We crawled forward about ten yards and, still concealed, we set ourselves up for another attack. The other fire bomb team working with us in the waist of the freighter had thrown their "cocktails" and then crawled even farther toward the bow.

I ejected my empty magazine and slapped in another one. I only had two spare mags. The florid British guy took the magazine I handed to him and began frantically stuffing ammunition from a box of cartridges into the magazine.

When I'd fired, it was a signal for the other people issued pistols from the ship's armory to also open fire. The other two assault groups—that's what we'd decided to call our mixed crew/passenger bomb throwers—had begun tossing Molotov cocktails down on the boats fore and aft of the center craft too. We could hear screams and shouts, along with a few gunshots, from those locations. The surprise had been almost total. The pirates hadn't even considered we'd actually fight back.

When Danielle, Megan, and I bobbed up again, I rose already in a shooter's stance and ready to open fire immediately.

"NOW!" I yelled. At the same time, I triggered off four rounds at the pirates who appeared to be most on the ball and able to shoot back at me or the two women. My job was to distract them this time, even if I didn't get any hits and I set to that job with a vengeance.

Megan and Danielle threw their bombs down on the little vessel and the glass bottle grenades exploded into sheets of flame and smoke. We dodged back to the bulkhead and moved toward the stern, passing where we'd initially been and going aft another fifteen yards or so.

We repeated what we'd done twice already. After that third attack, the little pirate ship was aflame from bow to stern.

Danielle made a mistake on her last throw. She'd almost lost one of her heat-resistant gloves and after yanking it back up her wrist and forearm, she remained standing after she'd thrown her flaming bottle, watching to see its effect.

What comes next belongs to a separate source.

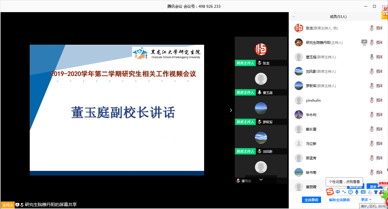 2月28日下午,我校召开2019—2020学年第二学期研究生工作视频会议。我校校长付宏刚、副校长董玉庭,研究生院领导、各研究生培养单位主管研究生工作领导及研究生院相关工作人员等参加会议。会议由研究生院院长罗跃军主持。

"DANIELLE!" I bellowed, already moving. She was moving too slowly for my taste; I tackled her and drove her down to the deck, out of the line of fire. Rattled or not, and probably already in the process of dying, there were still men with weapons down there. Grabbing Danielle in my arms, I rolled hard toward the bulkhead and we both slammed into it as sporadic gunfire erupted anew from down below. I wound up atop her as we tumbled.